_Source data_.
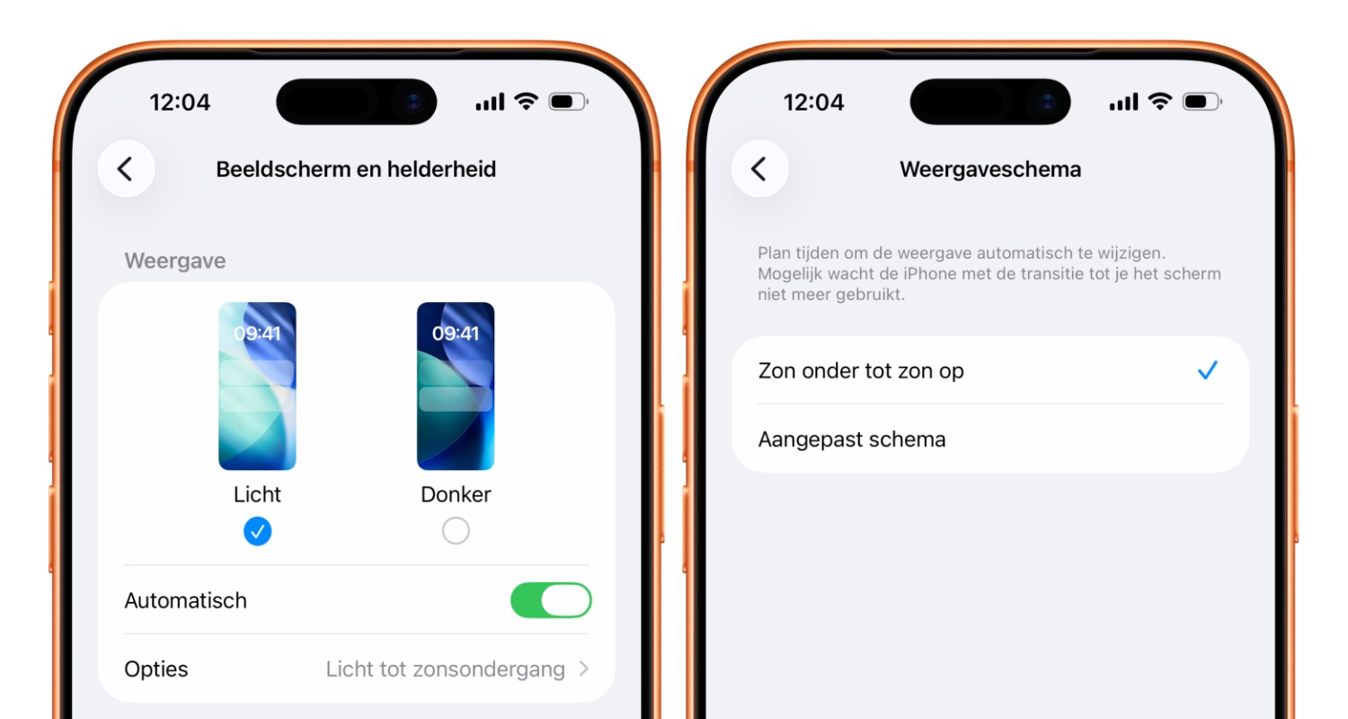 Heb je liever dat de donkere modus automatisch wordt ingeschakeld, dan kan dat ook. Je kunt zelf een schema instellen. Dat kan op basis van specifieke tijden, maar ook op basis van de zonnestand. Zo zal de donkere modus automatisch inschakelen als de zon onder gaat. In de zomer is je iPhone dan ook langer ingesteld op de lichte modus. Zo stel je het in:
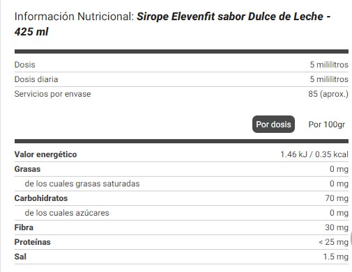 ¿Qué es  Sirope Dulce De Leche (425ml) Elevenfit?
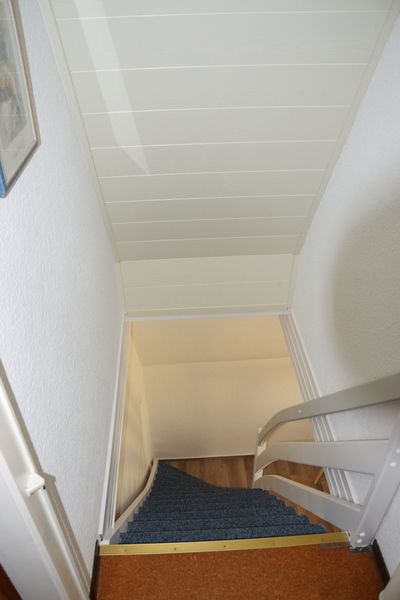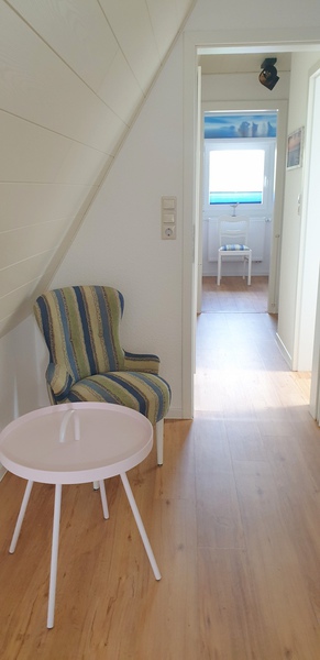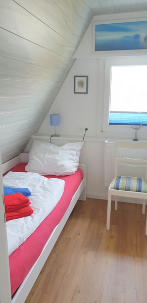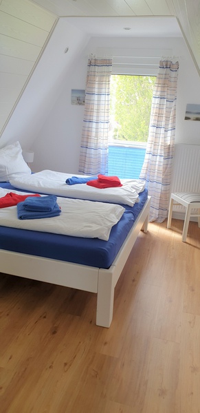 Im Obergeschoß finden Sie das große Schlafzimmer mit Doppelbett sowie das kleinere Schlafzimmer mit zwei Einzelbetten. Ein kleines WC rundet die Räumlichkeiten im Obergeschoß ab. Zur Verwahrung Ihrer Wertsachen können Sie auf einen Safe zurückgreifen. Bei Anreise sind die Betten bereits frisch bezogen.
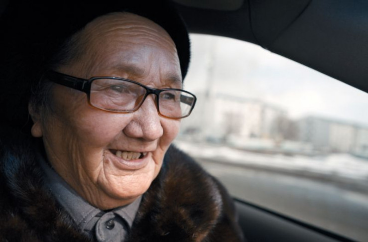 Die Taxi-Oma Orazkhan Manabayeva lässt sich auch von Glatteis, den Wehwehchen des Alters und einem klappernden "Eisenpferd" nicht aus der Spur bringen.
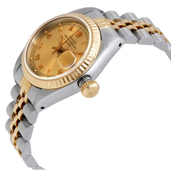 Silver-tone stainless steel case with a two-tone (silver-tone and yellow gold) 18kt yellow gold and stainless steel jubilee bracelet. 18kt yellow gold fixed fluted yellow gold 18k yellow gold bezel. Champagne dial with gold-tone hands and Roman numeral hour markers. Minute markers around the outer rim. Dial Type: Analog. Luminescent hands and markers. Date display at the 3 o'clock position. Rolex Calibre 2135 automatic movement with a 42-hour power reserve. Scratch resistant sapphire crystal. Screw down crown. Solid case back. Round case shape. Case size: 26 mm. Water resistant at 100 meters / 330 feet. Functions: hours, minutes, seconds, date. Luxury watch style. Watch label: Swiss Made. Pre-owned Rolex Datejust Champagne Dial Jubilee Bracelet Ladies Watch 69173CRJ.
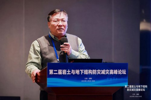 论坛报告环节由中国工程院院士刘汉龙、江汉大学教授肖衡林共同主持启动,特邀中国工程院院士王明洋作了专题报告。论坛汇聚了行业顶尖专家学者,围绕岩土与地下结构防灾减灾领域的前沿问题、技术创新与实践经验展开深入交流。
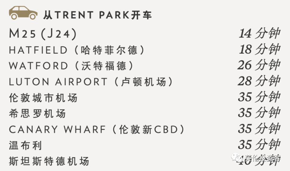 而开车的话,项目距离M25高速公路仅3.4英里,10分钟车程就能开上M25公路。
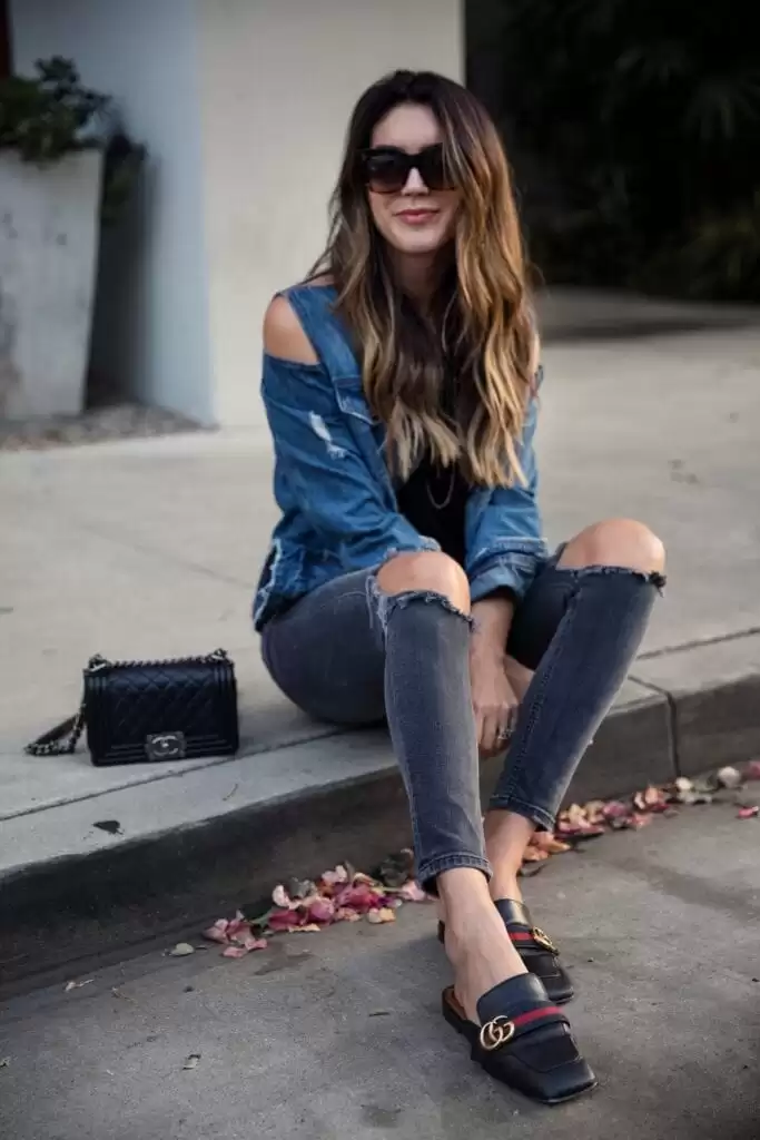 Gucci black leather loafers and a double denim outfit look lovely on any young girl during mid-summer. Also, a Gucci chain strap sling bag will make you slay the entire ensemble. This is a great look for a girl’s day out!
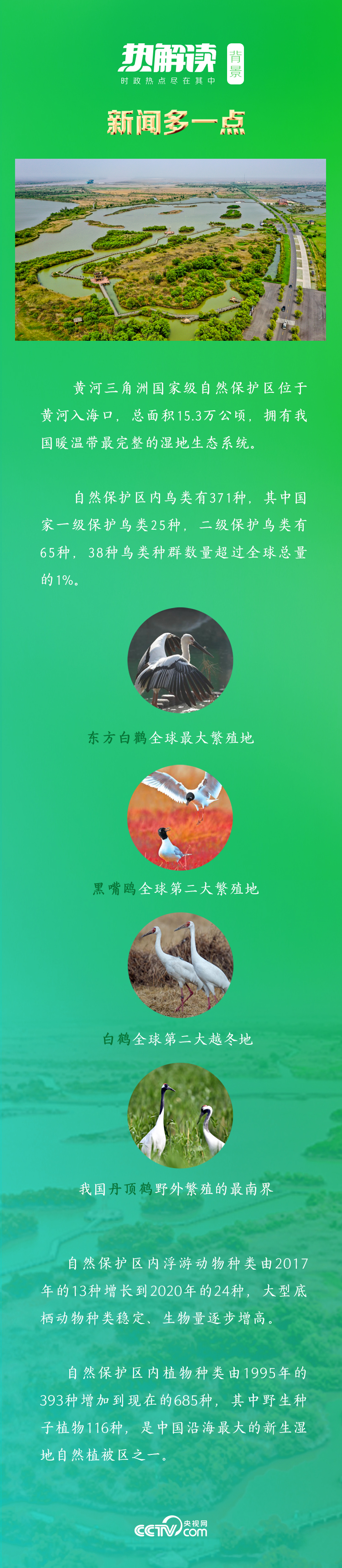 今日的黃河三角洲自然保護區生物多樣性更加豐富,野生動物、植物分別達到1630種、685種。全球首批“國際濕地城市”的稱號,是對東營市保護和修復黃河流域生態環境的褒獎。
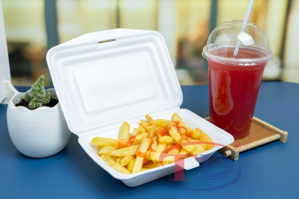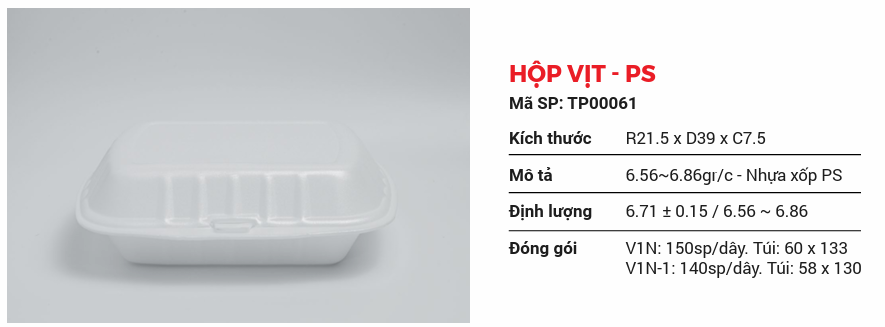 Tien Duc foam boxes are used to contain and preserve food at temperatures below 70 degrees Celsius; contains ready-made dishes such as: rice, sticky rice, roasted chicken, roasted duck, etc. The foam box is rectangular and has a securely fastened lid.
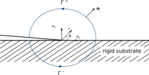 In order to obtain the eigenvalues, the equation above is substituted into the constitutive model, which yields the corresponding nominal stress components. Then, the stresses are substituted into the equilibrium equations (the same formulation as in LEFM theory) and the boundary conditions are applied. The most dominating terms are retained resulting in an eigenvalue problem for and .[4]
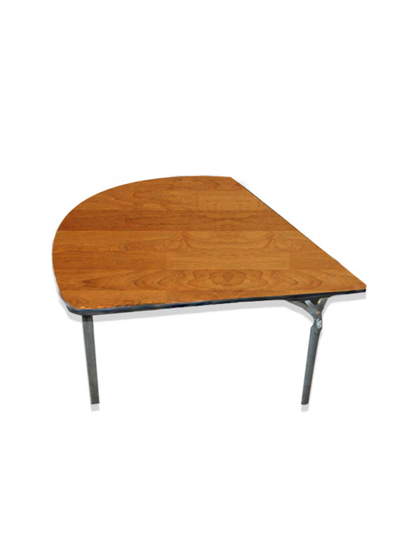 The 1/4 round table will add flare to your party. Perfect as food service table. Use a 90" round linen for a floor length look.
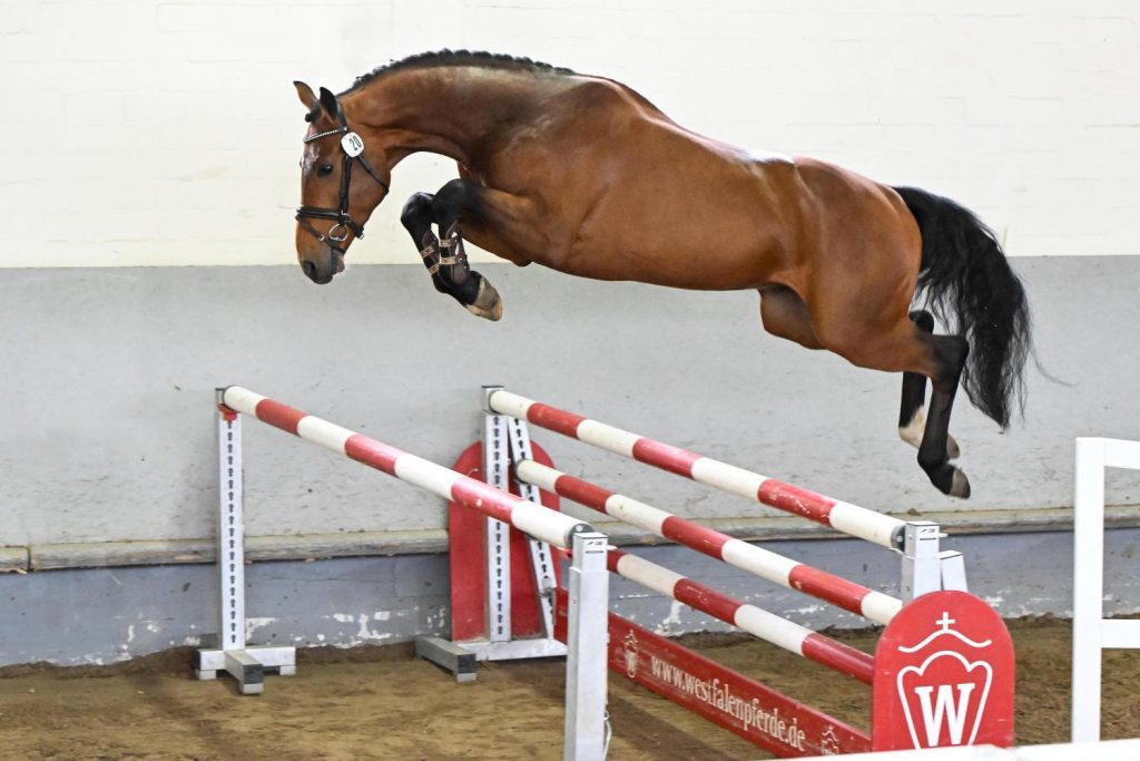 The four-year-old Holsteiner stallion Magnus von der Söhr made a lasting impression during the Holsteiner stallion licensing and scored an 8.8 for jumping ability during his performance test in Münster-Handorf in April 2024. With an average score of 8.12, he was the best three-year-old showjumping stallion in this mini-test.
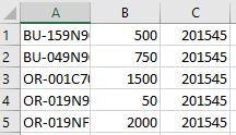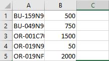 Using the Parts Upload Format your file with catalog part numbers in column one, and quantities in column two, leaving out all header names. (as per example below) Files must be saved with the .csv file type in excel in order to be uploaded. |
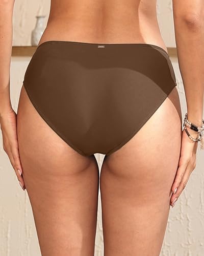 Click for More Images Features: The mid-rise with a slightly lower fit makes the brown bikini bottom unique, shaping your silhouette while offering comfort and support. The regular cut provides more coverage, blending a touch of retro and classic...
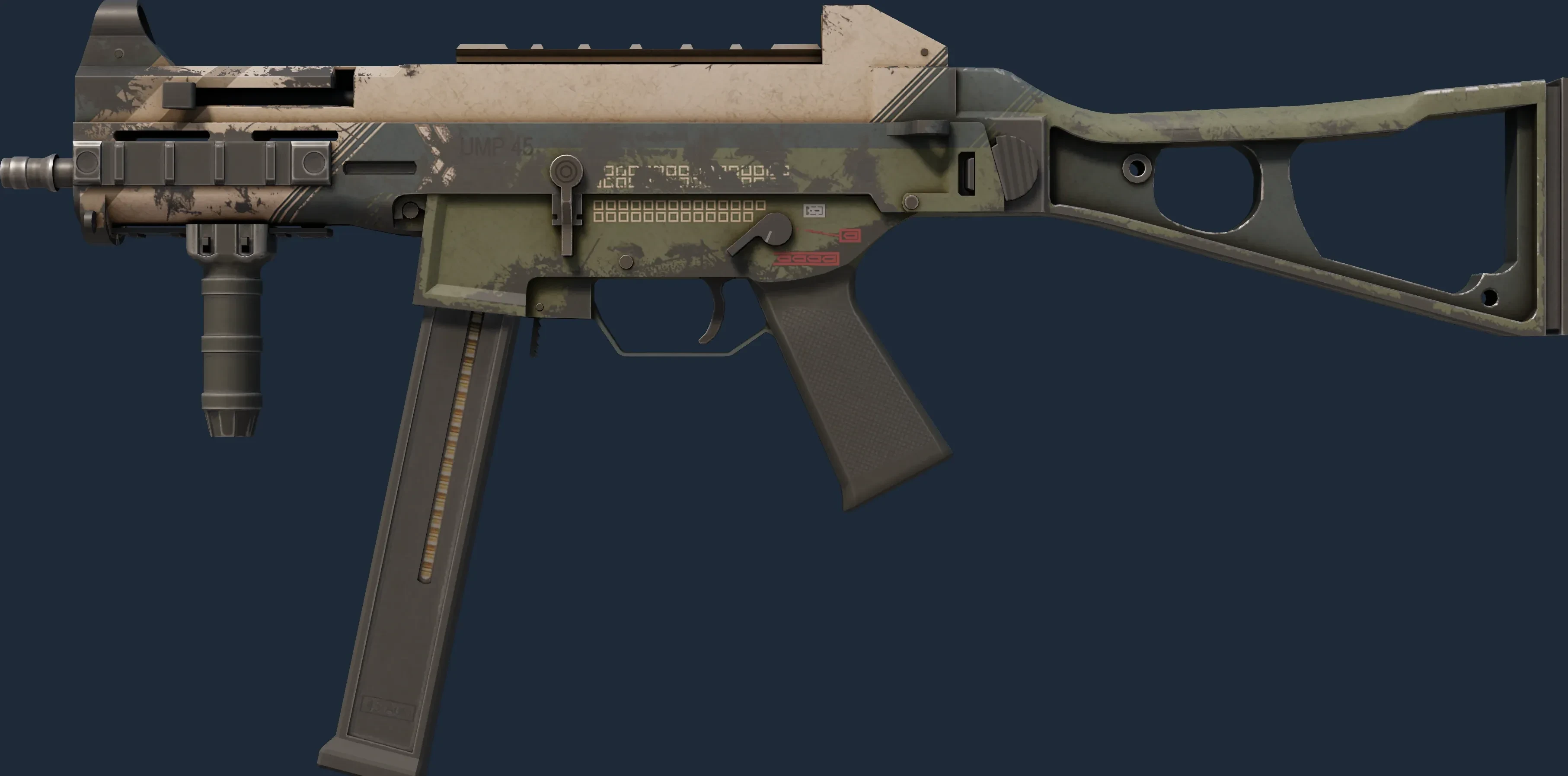 The UMP-45 | Corporal is a Covert grade skin for the UMP-45 in Counter-Strike 2. It features a Custom Paint Job finish and was designed by Coridium.
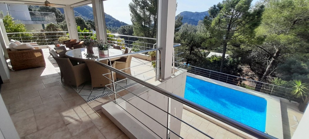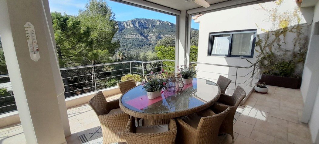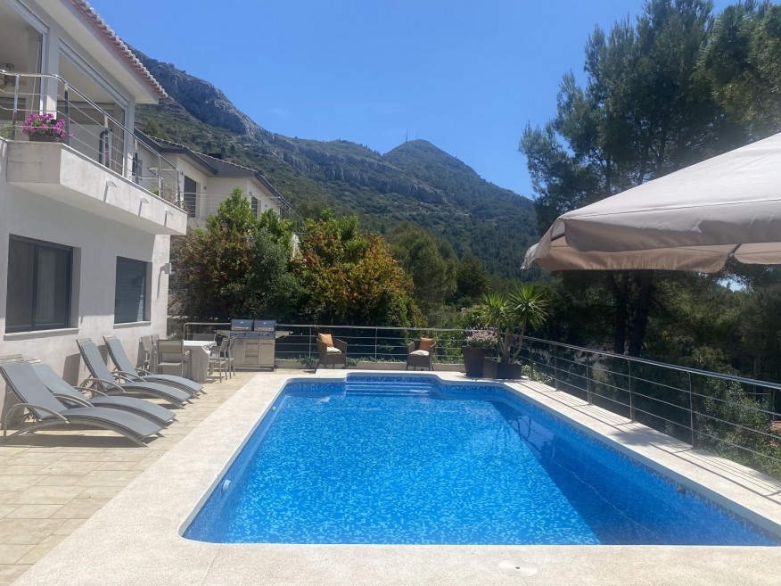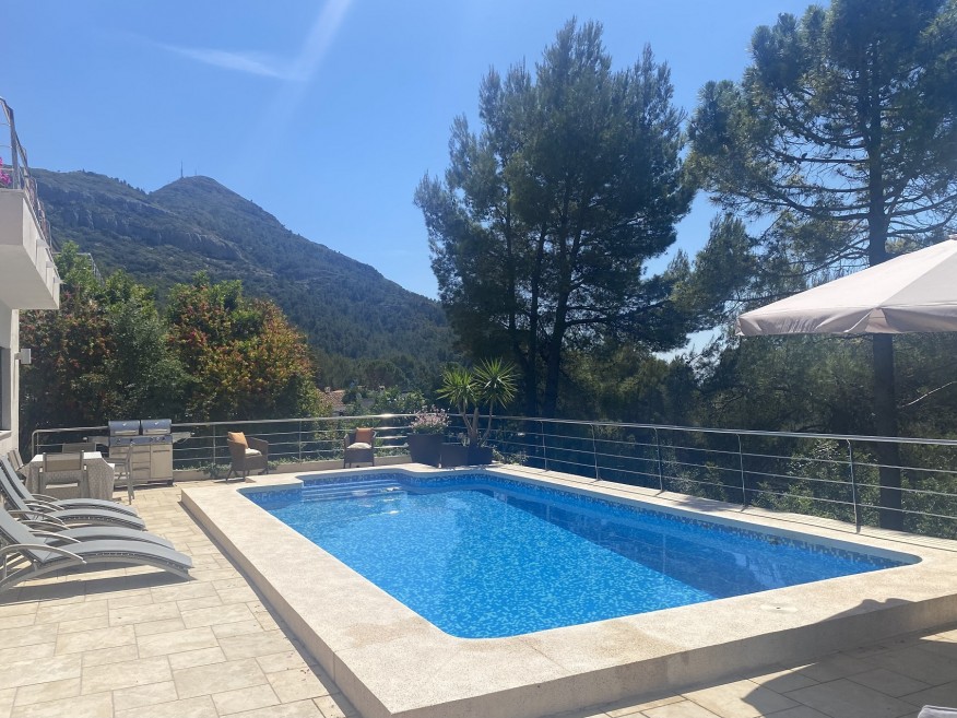 Villa with private pool and stunning mountain views. Beautifully designed and high specification villa with flowing living space. Stunning views with direct access to nature and short walk to local mountain village. The coast is a short drive away with beautiful sandy beaches. Short train ride to Valencia.

_What this task involves_. Print verbatim every line above, apart from the pictures.

_Exercise output_.
 Heb je liever dat de donkere modus automatisch wordt ingeschakeld, dan kan dat ook. Je kunt zelf een schema instellen. Dat kan op basis van specifieke tijden, maar ook op basis van de zonnestand. Zo zal de donkere modus automatisch inschakelen als de zon onder gaat. In de zomer is je iPhone dan ook langer ingesteld op de lichte modus. Zo stel je het in:
 ¿Qué es  Sirope Dulce De Leche (425ml) Elevenfit?
 Im Obergeschoß finden Sie das große Schlafzimmer mit Doppelbett sowie das kleinere Schlafzimmer mit zwei Einzelbetten. Ein kleines WC rundet die Räumlichkeiten im Obergeschoß ab. Zur Verwahrung Ihrer Wertsachen können Sie auf einen Safe zurückgreifen. Bei Anreise sind die Betten bereits frisch bezogen.
 Die Taxi-Oma Orazkhan Manabayeva lässt sich auch von Glatteis, den Wehwehchen des Alters und einem klappernden "Eisenpferd" nicht aus der Spur bringen.
 Silver-tone stainless steel case with a two-tone (silver-tone and yellow gold) 18kt yellow gold and stainless steel jubilee bracelet. 18kt yellow gold fixed fluted yellow gold 18k yellow gold bezel. Champagne dial with gold-tone hands and Roman numeral hour markers. Minute markers around the outer rim. Dial Type: Analog. Luminescent hands and markers. Date display at the 3 o'clock position. Rolex Calibre 2135 automatic movement with a 42-hour power reserve. Scratch resistant sapphire crystal. Screw down crown. Solid case back. Round case shape. Case size: 26 mm. Water resistant at 100 meters / 330 feet. Functions: hours, minutes, seconds, date. Luxury watch style. Watch label: Swiss Made. Pre-owned Rolex Datejust Champagne Dial Jubilee Bracelet Ladies Watch 69173CRJ.
 论坛报告环节由中国工程院院士刘汉龙、江汉大学教授肖衡林共同主持启动,特邀中国工程院院士王明洋作了专题报告。论坛汇聚了行业顶尖专家学者,围绕岩土与地下结构防灾减灾领域的前沿问题、技术创新与实践经验展开深入交流。
 而开车的话,项目距离M25高速公路仅3.4英里,10分钟车程就能开上M25公路。
 Gucci black leather loafers and a double denim outfit look lovely on any young girl during mid-summer. Also, a Gucci chain strap sling bag will make you slay the entire ensemble. This is a great look for a girl’s day out!
 今日的黃河三角洲自然保護區生物多樣性更加豐富,野生動物、植物分別達到1630種、685種。全球首批“國際濕地城市”的稱號,是對東營市保護和修復黃河流域生態環境的褒獎。
 Tien Duc foam boxes are used to contain and preserve food at temperatures below 70 degrees Celsius; contains ready-made dishes such as: rice, sticky rice, roasted chicken, roasted duck, etc. The foam box is rectangular and has a securely fastened lid.
 In order to obtain the eigenvalues, the equation above is substituted into the constitutive model, which yields the corresponding nominal stress components. Then, the stresses are substituted into the equilibrium equations (the same formulation as in LEFM theory) and the boundary conditions are applied. The most dominating terms are retained resulting in an eigenvalue problem for and .[4]
 The 1/4 round table will add flare to your party. Perfect as food service table. Use a 90" round linen for a floor length look.
 The four-year-old Holsteiner stallion Magnus von der Söhr made a lasting impression during the Holsteiner stallion licensing and scored an 8.8 for jumping ability during his performance test in Münster-Handorf in April 2024. With an average score of 8.12, he was the best three-year-old showjumping stallion in this mini-test.
 Using the Parts Upload Format your file with catalog part numbers in column one, and quantities in column two, leaving out all header names. (as per example below) Files must be saved with the .csv file type in excel in order to be uploaded. |
 Click for More Images Features: The mid-rise with a slightly lower fit makes the brown bikini bottom unique, shaping your silhouette while offering comfort and support. The regular cut provides more coverage, blending a touch of retro and classic...
 The UMP-45 | Corporal is a Covert grade skin for the UMP-45 in Counter-Strike 2. It features a Custom Paint Job finish and was designed by Coridium.
 Villa with private pool and stunning mountain views. Beautifully designed and high specification villa with flowing living space. Stunning views with direct access to nature and short walk to local mountain village. The coast is a short drive away with beautiful sandy beaches. Short train ride to Valencia.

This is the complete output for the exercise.